May 15 (Ap) – Joseph Sullivan, a senior adviser to the Lindsay Group of America, published an article on May 12 on the bimonthly website of Foreign Policy entitled “Biden’s version of “America First” policy is spreading pain around the world. The full text is summarized below:
Biden may say he rejects former President Donald Trump’s “America First” agenda. But the criteria should not be words, but actions. The Biden administration is still pursuing U.S. interests in ways that are detrimental to the interests of the rest of the world.
The Biden administration, for example, allowed only a small number of new vaccines to be exported. Biden’s stance on giving up vaccine patents masks a very disturbing fact that a real delivery of vaccines can save lives. Biden’s U.S. stockpile of vaccines has shared only 3 million doses in the district.

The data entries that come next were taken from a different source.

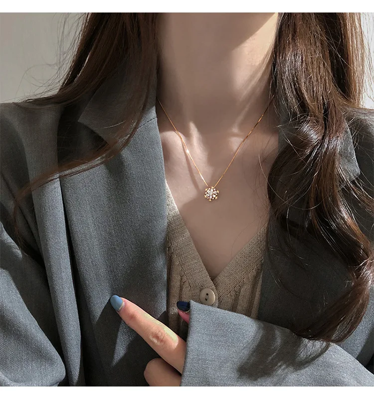 Очарование кубического циркония, цинковый сплав, снежинка, рождественские украшения кулон ожерелье модная цепочка с кулоном из розового золота Цвет снег ожерелье для женщин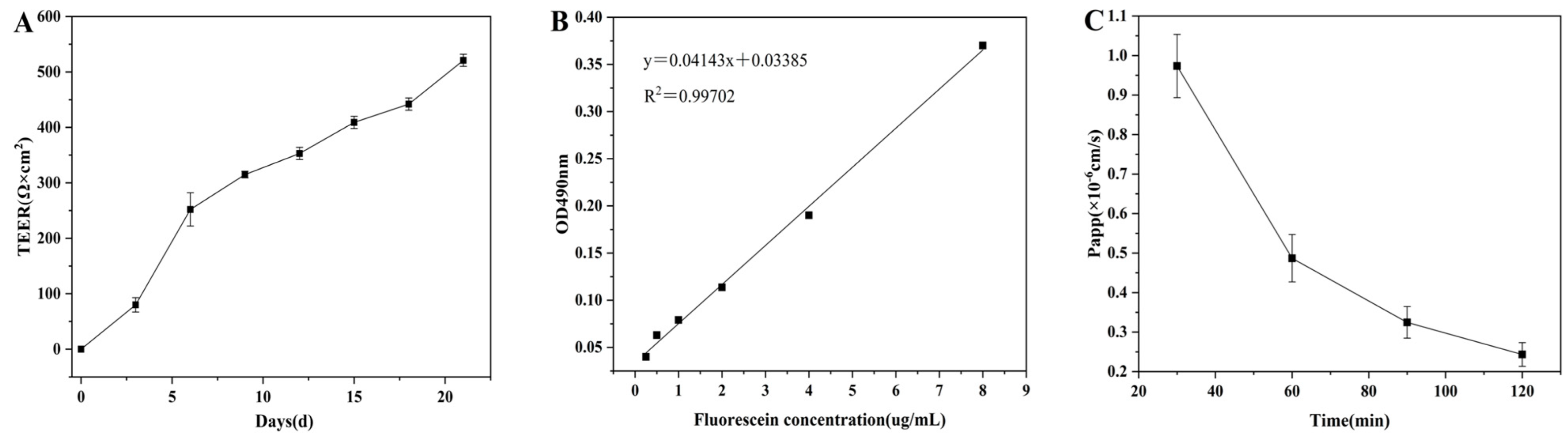 2.9.4. Caco-2 Measurement of Cell Transepithelial Electrical Resistance (TEER)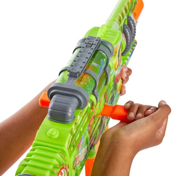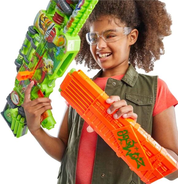 Бластер Nerf Zombie Corrupter повністю прикрашений барвистими графіті-прикрасами, що привертають увагу, з обох сторін.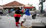 REPUBLIKA.CO.ID, YOGYAKARTA -- Warga dengan menggunakan kostum super hero membagikan masker di lokasi wisata titik nol Yogyakarta, Senin (17/8). Selain membagikan masker, mereka juga mengajak warga yg berkunjung di titik nol untuk tertib menggunakan masker.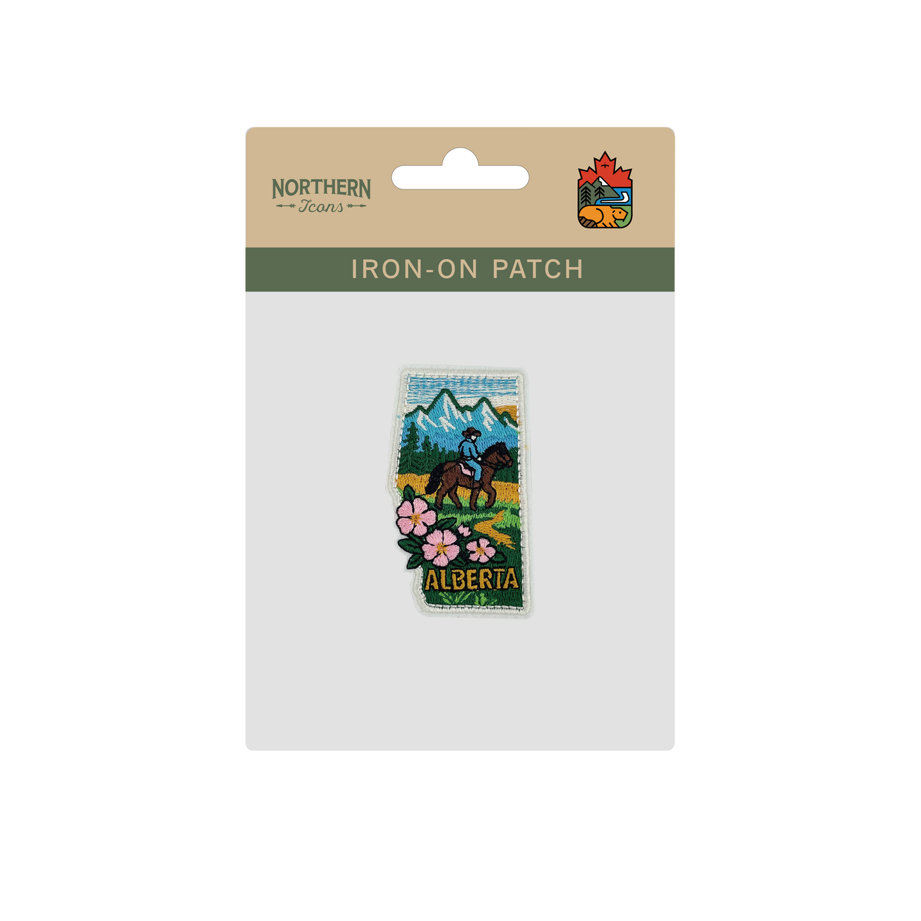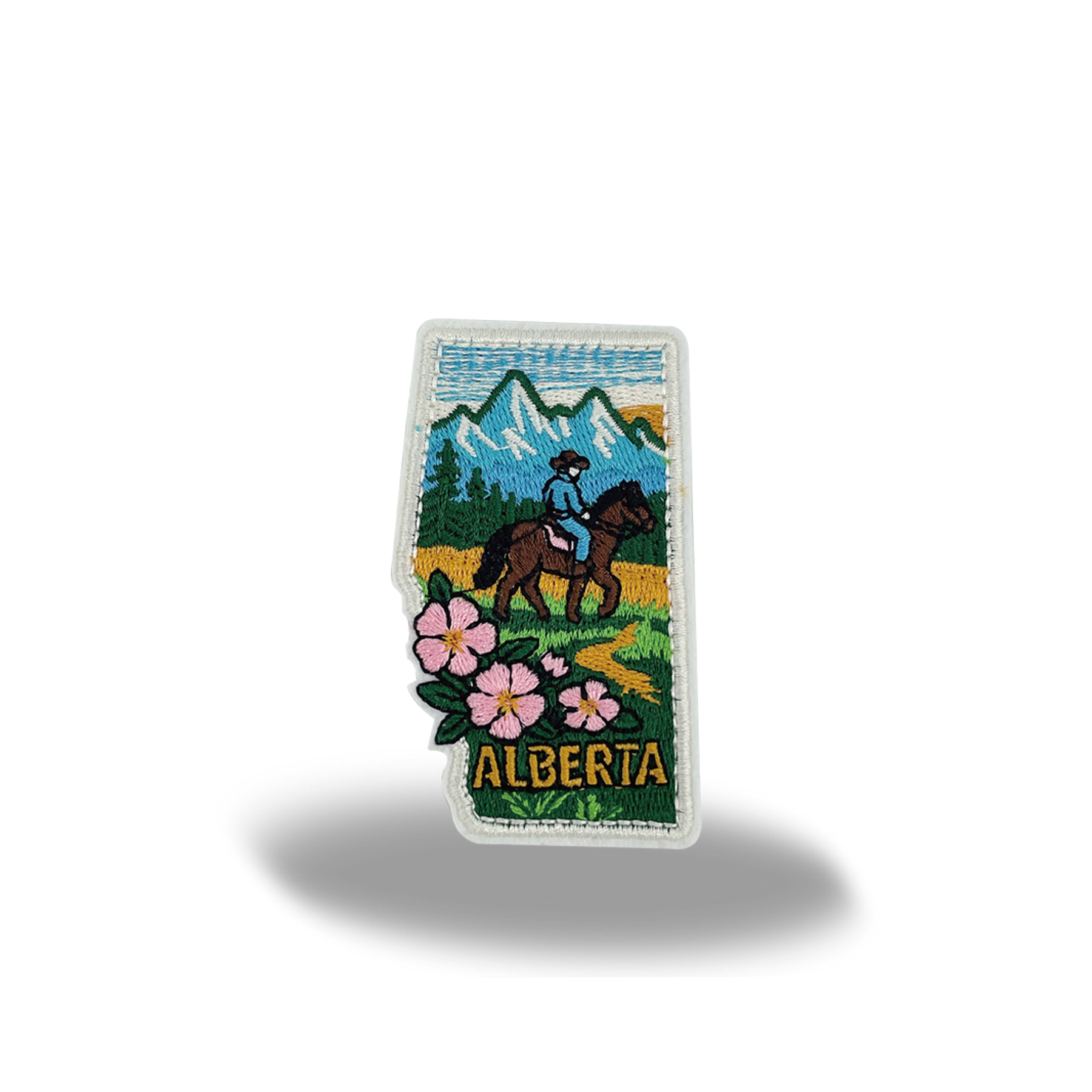 Crafted with durable threads and detailed embroidery textures, this patch adds a scenic, story-rich touch to jackets, backpacks, hats, and travel gear. The blend of horseback imagery, mountain backdrop, and floral symbolism makes it a meaningful keepsake for travellers, collectors, and anyone who loves Western culture and Alberta’s natural beauty. Whether used for personalization or shared as a thoughtful gift, this patch captures the heart of Alberta’s outdoor lifestyle.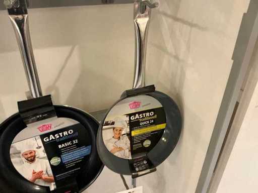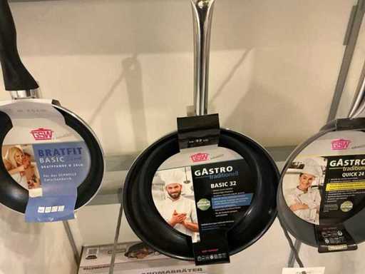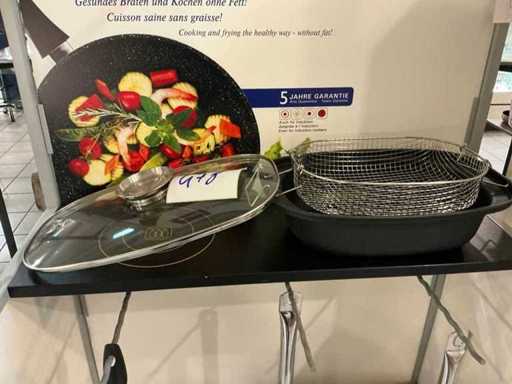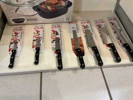 Frituese, various pans in different sizes, professional knives, glass lid....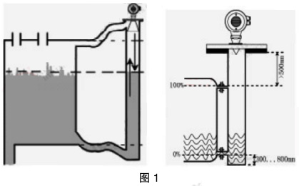 如圖1所示,導(dǎo)波雷達(dá)液位計(jì)是依據(jù)時(shí)域反射原理(TDR)為基礎(chǔ)的雷達(dá)液位計(jì),雷達(dá)液位計(jì)的電磁脈沖以光速沿鋼纜或探棒傳播,當(dāng)遇到被測(cè)介質(zhì)表面時(shí),雷達(dá)液位計(jì)的部分脈沖被反射形成回波并沿相同路徑返回到脈沖發(fā)射裝置,發(fā)射裝置與被測(cè)介質(zhì)表面的距離同脈沖在其間的傳播時(shí)間成正比,經(jīng)計(jì)算得出液位高度。某電廠經(jīng)過技術(shù)改造采用波導(dǎo)雷達(dá)后,液氨液位波箱現(xiàn)象消失,儲(chǔ)罐運(yùn)行良好。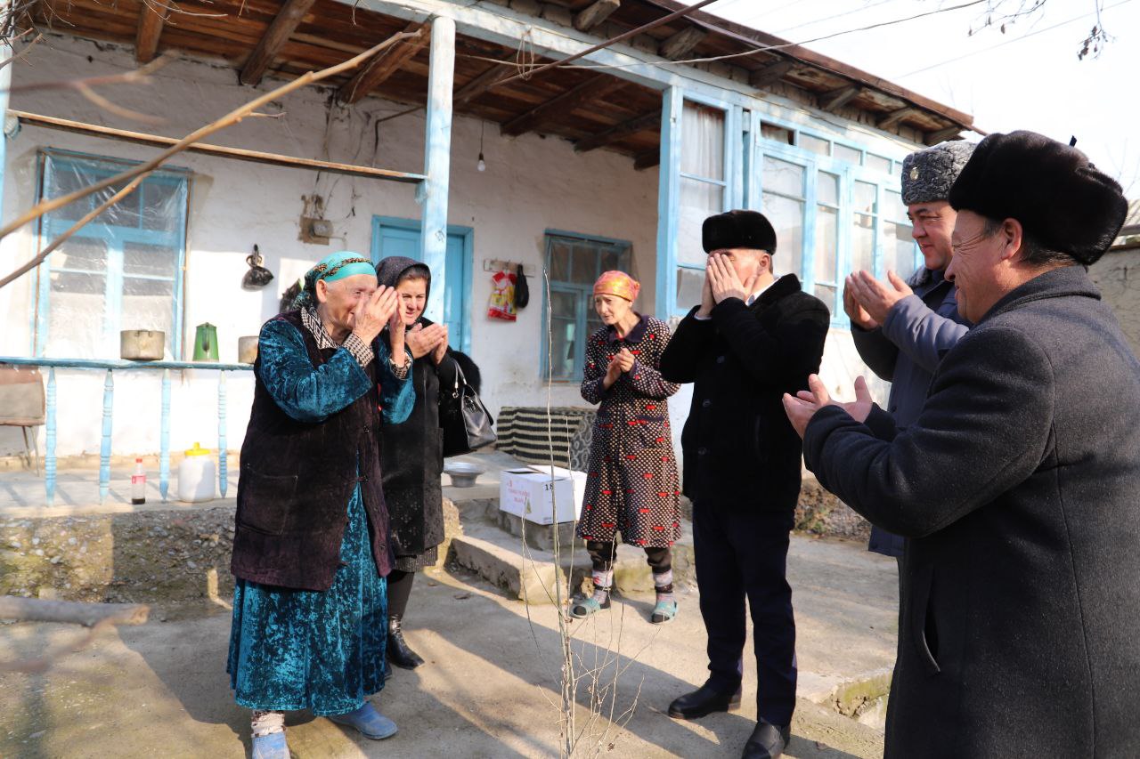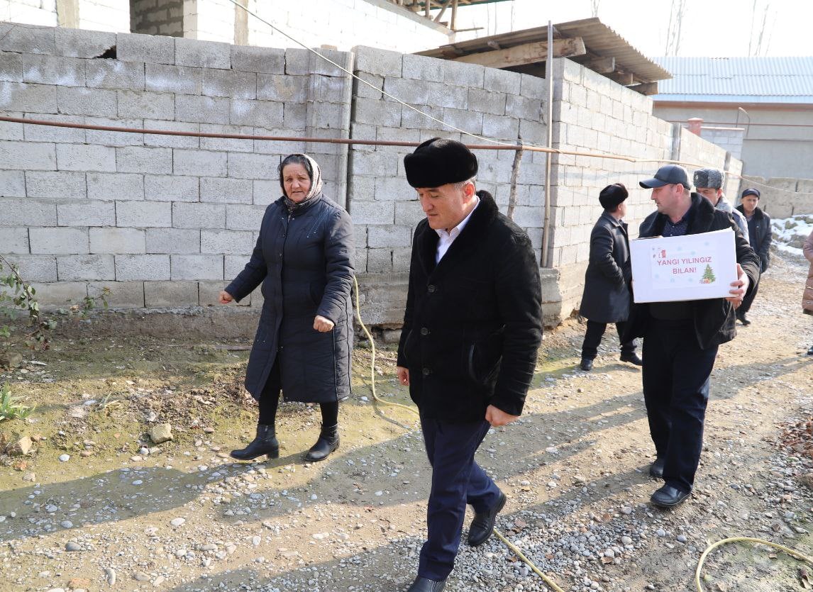 Мулоқот давомида хонадон эгаларини Янги йил байрами билан табриклаб, озиқ-овқат маҳсулотлари берилди.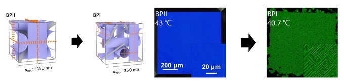 ▲블루페이즈 두 상인 BPII(왼쪽)와 BPI(오른쪽)의 결정구조 모식도. 온도를 조절하면 파란색 BPII에서 초록색 BPI으로 순간적으로 변화시킬 수 있다. 하지만 광학 현미경으로는 상전이 과정 중 내부결정구조의 변화를 알아낼 수 없으며, 특히 상전이 과정에서 관찰되는 초록색 BPI의 격자무늬가 생기는 이유는 미스테리로 남아있었다.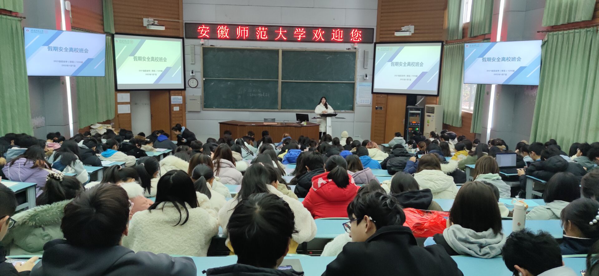 会上,韩雪老师重点强调了各方面安全问题。一要注意离校安全。离开宿舍时要保证寝室关门关窗、关闭电闸水闸、贴上封条;二是注意居家安全。严格落实疫情防控要求,及时接种加强针,学习基本安全急救知识;三需注意假期安全。疫情当下,同学们要避免前往中高风险地区,留校同学也需要注意安全排查。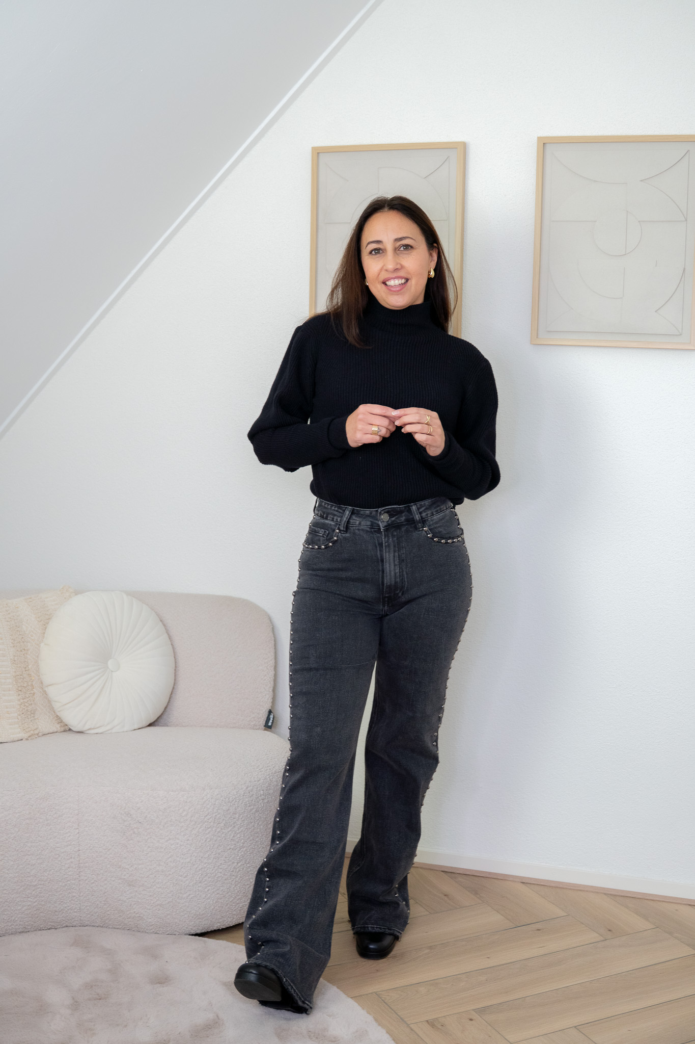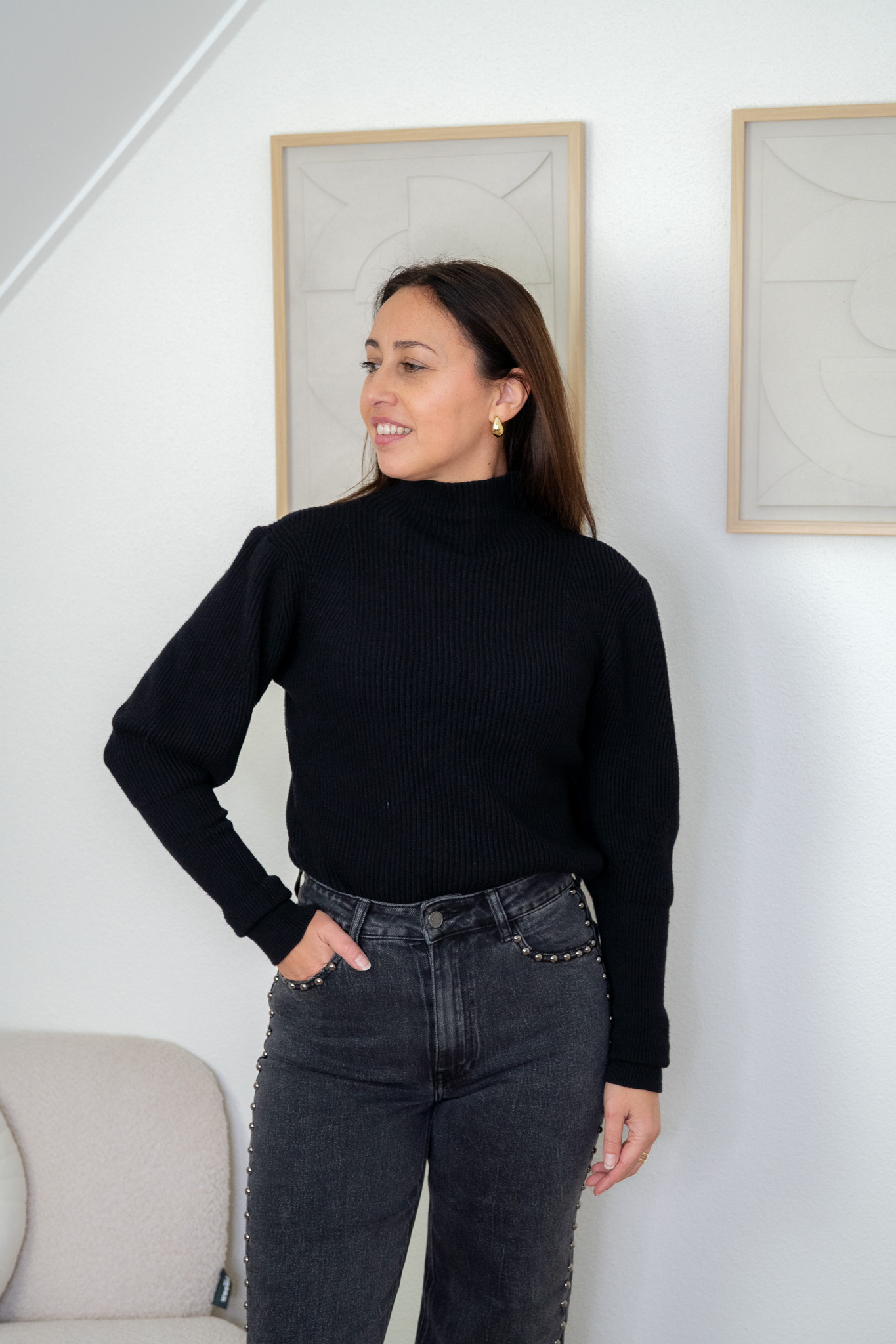 SC Nouk Trui Zwart van she clothes is een gebreide trui in de kleur zwart. De trui heeft een aansluitend model en een hoge hals. De Nouk Trui heeft gepofte mouwen en sluit vanaf de elleboog weer mooi aan.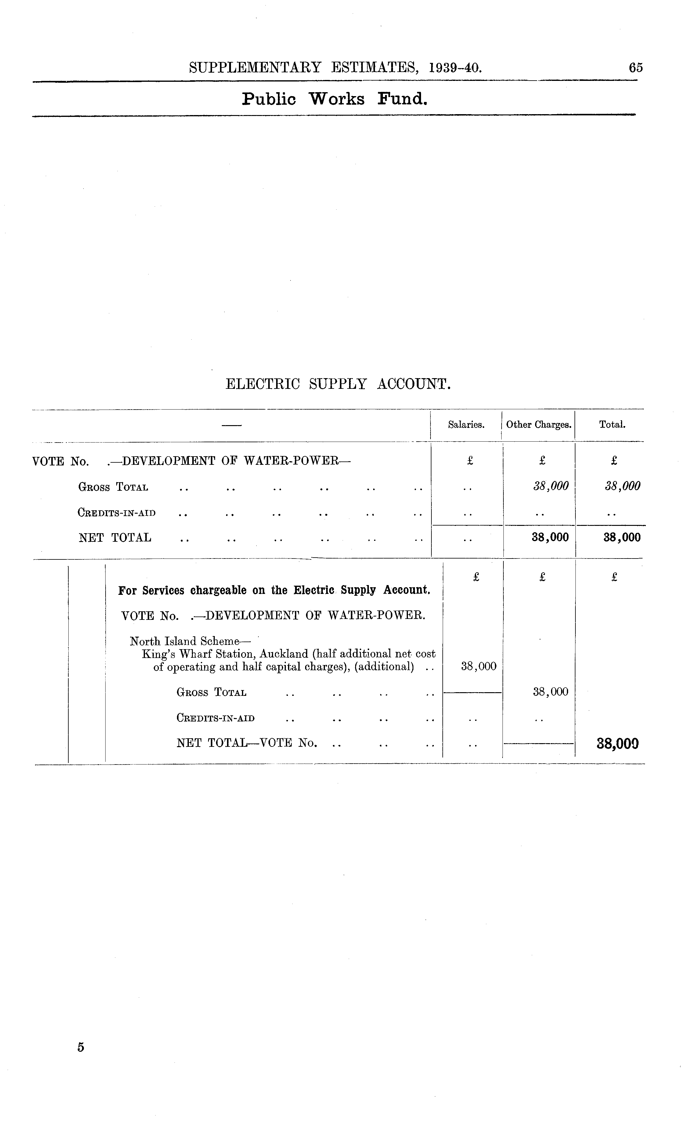 Salaries. | Other Charges. Total. I I VOTE No. .—DEVELOPMENT OF WATER-POWER— £ £ £ Gross Total .. .. .. .. .. .. .. 38,000 38,000 Credits-in-aid NET TOTAL .. .. .. .. .. .. 38,000 38,000 £ £ £ For Services chargeable on the Electric Supply Account. VOTE No. .—DEVELOPMENT OF WATER-POWER. North Island Scheme —• King's Wharf Station, Auckland (half additional net cost of operating and half capital charges), (additional) .. 38,000 Gross Total .. .. .. .. 38,000 Credits-in-aid NET TOTAL—VOTE No 38,009 5

Other policies, if not deliberately implemented like vaccine nationalism, do no less harm to other countries. While the Biden administration’s economic policies are designed to boost domestic growth, it has led to historic increases in the prices of the world’s major commodities, including food. This round of rising global food prices will hit the poor hardest and has forced foreign policymakers to choose between alleviating hunger and mitigating the economic impact of the Coronavirus.
As the Fed expands its balance sheet and prints dollars as quickly as it has in the past, food commodities such as corn, soybeans and wheat rise in price. That’s because trading in these markets, like most other global markets, is usually denominated in dollars. If the Fed injects trillions of dollars of new money into the financial system, it will have more dollars to buy the same amount. That’s why prices have been soaring, not just for food, but also for timber, copper, U.S. real estate and the stock market.
Take Mexico, for example. Most of the country’s staple food, corn, is now imported from the United States. Corn prices have risen 46 per cent in dollar terms since February 2020, the last month before the stimulus began, causing a big problem for Mexico’s poor.
Mexico is not an exception. The FOOD AND AGRICULTURE ORGANIZATION OF THE UNITED NATIONS (FAO) FOOD AND AGRICULTURE ORGANIZATION (FAO) POSTED ITS BIGGEST YEAR-ON-YEAR INCREASE IN A DECADE. In Turkey, there are reports of people hoarding foods such as infant formula because food inflation is thought to be higher than the recent official 17 per cent. In Russia, authorities imposed export restrictions on wheat and sunflower seeds to increase domestic supplies and drive down domestic prices. Given that Russia is one of the world’s largest exporters of agricultural products, this could have a new ripple effect across the developing world.
If central bankers are feeling the pressure of rising food prices, the suffering in developing countries is the greatest. Households in poorer countries spend more of their budgets on food. So the United States can be least concerned about food inflation triggered by the Biden administration.